Social identity theory is useful in explaining the gold digger effect. This theory holds that how people view and define themselves and how they interpret the world influence their behavior (Albert & Whetten, 1985; Ashforth & Mael, 1989; Ashforth & Schinoff, 2016). Both professional and organizational identities are relevant for explaining the gold digger effect. What is considered in the profession and in the organization of ethics evaluators to be a good and successful evaluator influences what is perceived to be a good and successful evaluation. For example, auditors who view themselves as error finders would value professional skepticism and conservative behavior (Smith & Kida, 1991) and define their success in terms of the errors they detect. This error-finder identity is also fueled by the conception that evaluators are guardians who catch abuses of trust (Braithwaite, 1998). The success of an evaluator may then be expressed in the number of detected violations, incidents, and deficiencies. Especially when the organization is perceived by others to be good, evaluators can show their value and skills by uncovering the organization’s ethical deficiencies. So, when the identity of evaluators is related to the imperfections they discover, this may lead to the situation that the more ethical an organization becomes, the harder it is to find imperfections, the more the evaluator would want to find imperfections, and the more esteemed the evaluator is when they do find imperfections.

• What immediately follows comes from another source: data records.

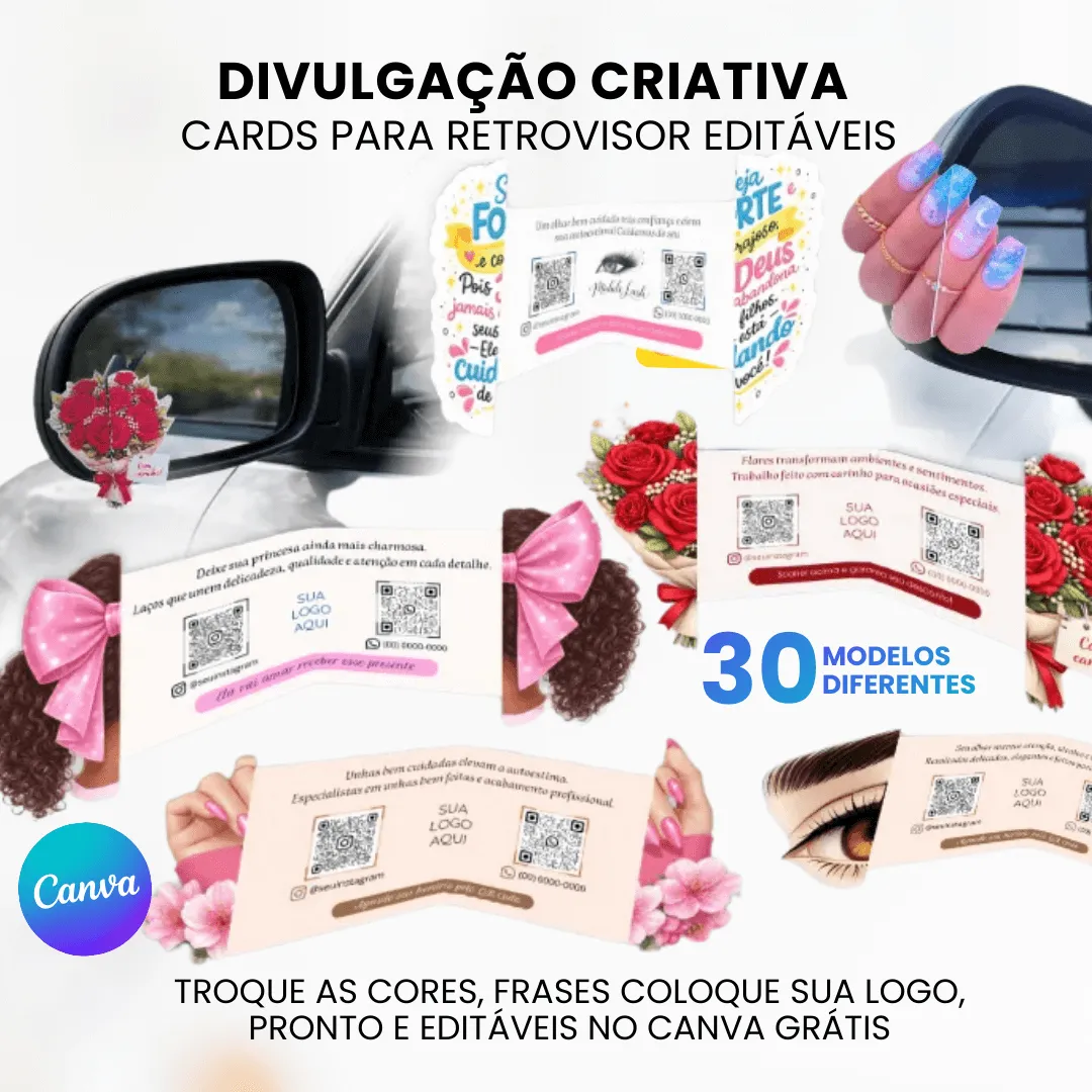 ✔️ 30 modelos de cards para retrovisor (prontos para edição no Canva)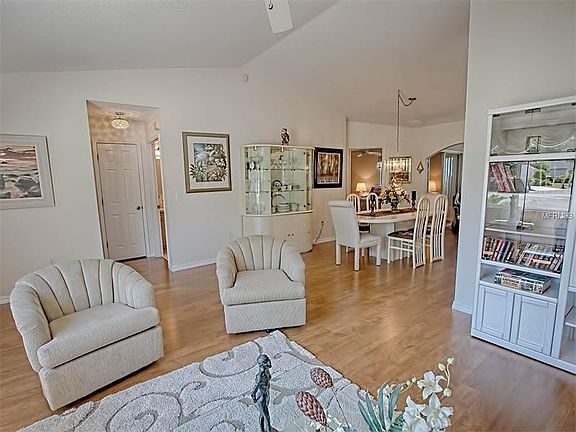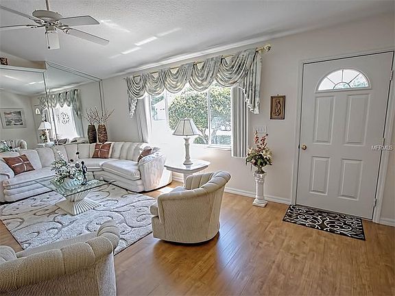 A Place to Hang Your Heart! Sparkling open design, 2 bedroom Juniper, 10 x 20 family room, enclosed 10 x 17 lanai, new roof, 2015 HVAC compressor, new quality laminate flooring and carpet in bedrooms, lovely landscaped corner lot. Furnishings available separately. Don''t miss this one! Located conveniently to Community Center, pool, activities, restaurants.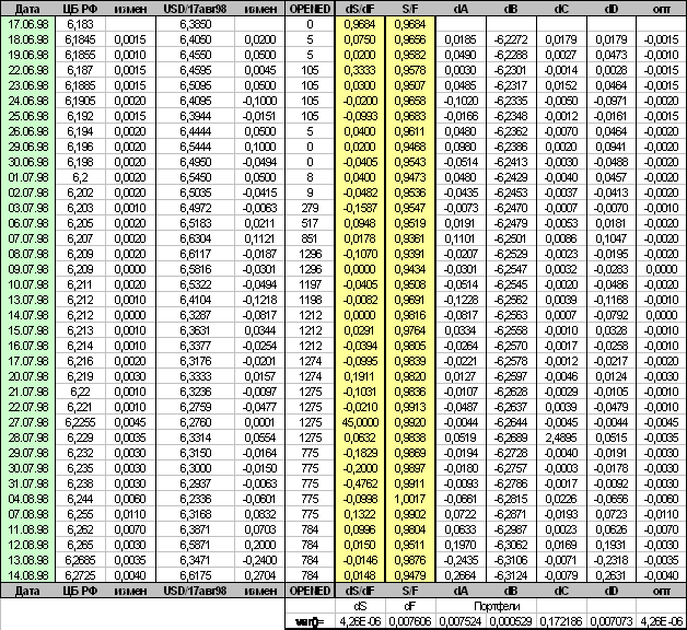 Были сделаны следующие выводы. Хеджирование валютным фьючерсом в данный момент не способно снизить валютный риск на сколько-нибудь существенную величину. Это происходит по двум причинам. Во-первых, как и прежде, на данном рынке присутствует слишком мало хеджеров и слишком много спекулянтов, которые получают доход от раскачивания фьючерсной цены доллара. Во-вторых, в рассматриваемый период происходит излишнее давление Центробанка на цену спот национальной валюты, которое превратилось из средства достижения экономической стабильности в самоцель. Вследствие чего, первое, нивелируются естественные колебания курса, что делает вариацию изменения курса спот на несколько порядков ниже того же показателя для фьючерса. Второе, периодически происходит значительное отставание динамики валютного курса от темпов роста внутренних цен, что заканчивается валютными кризисами. Поэтому, несмотря на внешне стабильный в отдельные периоды валютный курс, хеджировать риск его изменения все равно надо.
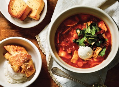 Stir pasta into soup; cook 4–5 minutes or until pasta is tender. Meanwhile, chop salad greens.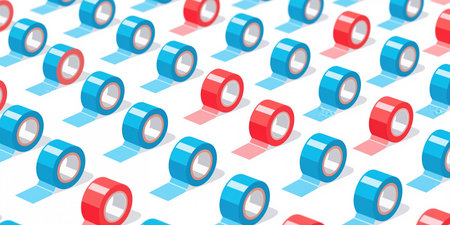 A repeating pattern of red and blue tape rolls arranged diagonally with shadows on a white background.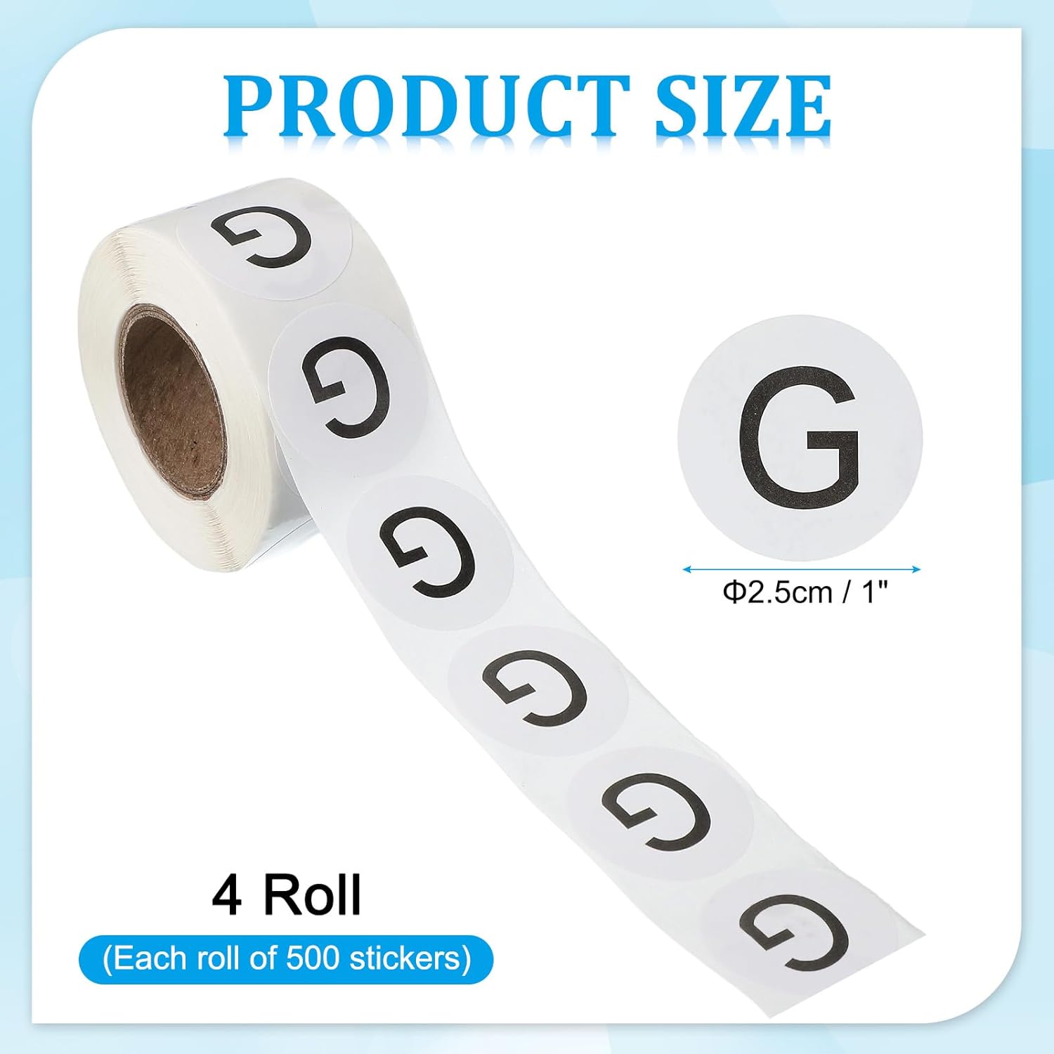 PATIKIL 1" Letter G Stickers, 4 Rolls Self-Adhesive Alphabet Round Circle Dots Labels for Organization Storage Inventory Boxes Scrapbook Craft 2000 Pcs Total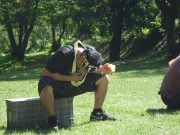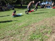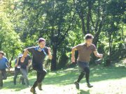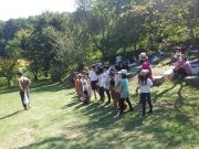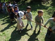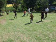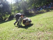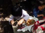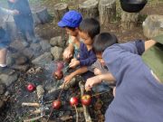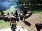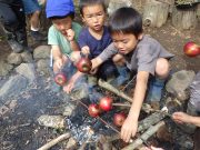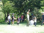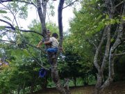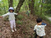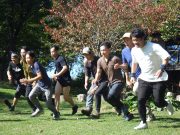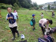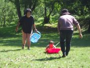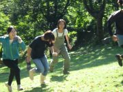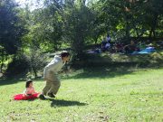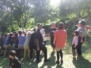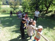 大人のリレー競技で、リンゴ丸かじり 木登り わらべうた、夫婦競技 傾斜地での綱引き ネイチャコレクションビンゴ などで、全員汗だく 身体を張った競技で、大人も真剣そのもの。もちろん、カメラやビデオもない。そんな身体をはった全力の運動会。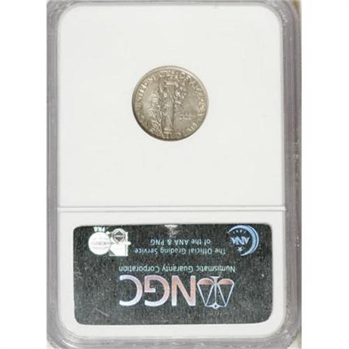 <B>1942/1 10C AU58 NGC.</B></I> FS-101, formerly FS-010.7. The satiny surfaces are aglow on this well struck overdated dime. Modest friction and handling marks attest to brief circulation, but this coin is immensely appealing otherwise.<BR><BR><B>Coin Engraver:</B> Adolph A. Weinman<BR><BR><b>Shipping:</b> Coins & Currency (<a target="_blank" href="http://www.heritageauctions.com/common/shipping.php">view shipping information</a>)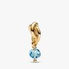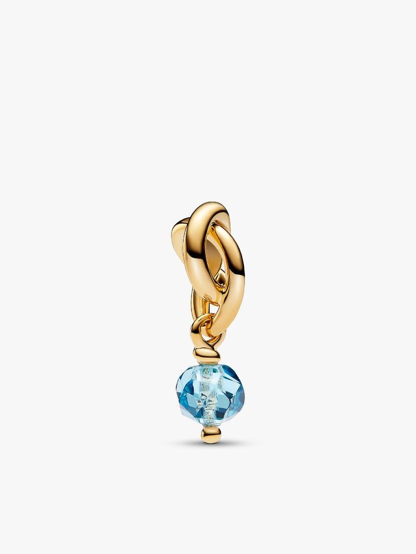 For the month of March, sea aqua blue. Inspired by the positive power each color brings, our Eternity Circle dangle charm gets a glow up in 14k gold-plating with a new faceted stone cut design and intricate triple knotte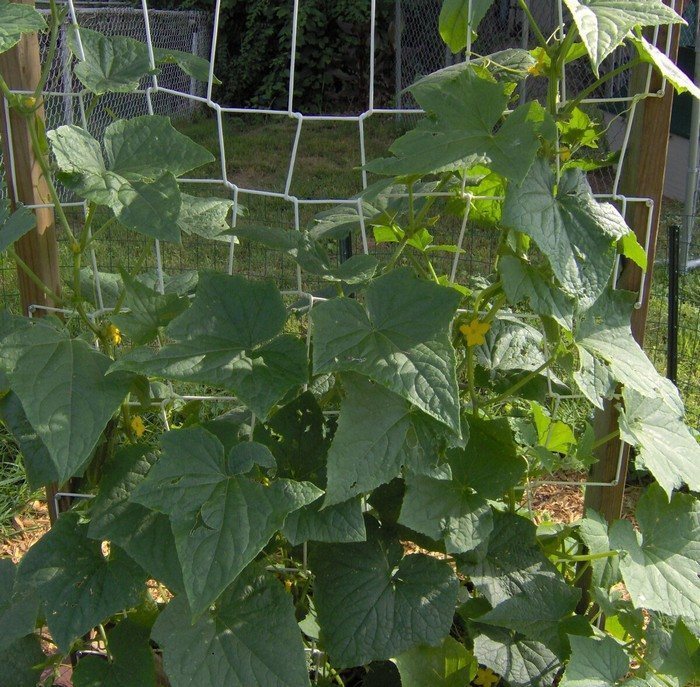 После этого куст начинает развивать боковые побеги. Их верхушки также прищипывают, оставляя по два листа и две завязи. С побегами третьего порядка действуют аналогично. В дальнейшем кусту не следует позволять чрезмерно разрастаться. Побеги четвертого порядка полностью удаляют. Оптимально выращивать пчелоопыляемые сорта на сетке, что обеспечит хорошую циркуляцию воздуха и достаточное освещение для куста.

The gold digger effect may increase the likelihood of unethical behavior in organizations by creating negative emotions among the people within the organization. Evaluators believing that an organization is never good enough—even when the organization is actually ethical and without any imperfection—can lead to negative emotions among managers and employees: that their efforts are not seen, appreciated, and counted. For example, Belschak and Den Hartog (2009) show that negative feedback leads to more counterproductive behavior and less organizational citizenship behavior because negative feedback induces negative emotions (e.g., anger and frustration) among employees, who then redirect their attention toward the object of the feedback (in our case, the imperfections) and away from what the focus should be (in our case, the ethical development of the organization). The gold digger effect may lead to the fear within an organization that no matter how ethical the organization performs, this is never sufficient, and someone can always be blamed. This fear can make managers and employees reluctant to take new initiatives and accept responsibilities. The negative emotions of feeling misidentified (Meister et al., 2014) can also be directed at the giver of the feedback (in our case, the diggers). When these diggers are portrayed as opportunistic and only want to find something negative, this can foster a spiral of distrust (Acemoglu & Wolitzky, 2012) that may lead to less support within the organization for the diggers, for the ethical interests and standards they represent, and for their findings and recommendations (cf. Quintelier et al., 2018). Consequently, less support for ethics may lead to an increase in unethical behavior within the organization, given that support for ethics is a main driver of ethical behavior and a key virtue of the ethical organization (Kaptein, 2011, 2017).

P1

The more ethical an organization becomes, the more its imperfections are sought, thus making unethical behavior by employees more likely.

The High-Jump Bar Effect

The high-jump bar effect means that the more ethical an organization becomes, the higher the standards are set until they could no longer be met. This second effect of the upward force is based on the expectation that every time an organization “jumps over the bar” (i.e., meets an ethical standard, norm, or rule), the bar is raised, i.e., the standard, norm, or rule is raised by the organization itself, by its stakeholders, or by society. For example, when an organization has successfully implemented the norms for its employees regarding insider trading, it is then expected that it also defines and implements them for the family members of its employees. The idea behind the high-jump bar effect is that if an organization functions well, it can always do better, go a step further, do more than expected. “Good is never enough good.” If the organization can bear the current responsibilities, then extra or new responsibilities can be added. This line of thinking means that standards are raised until they are too high that the organization could not meet them anymore and thus fails.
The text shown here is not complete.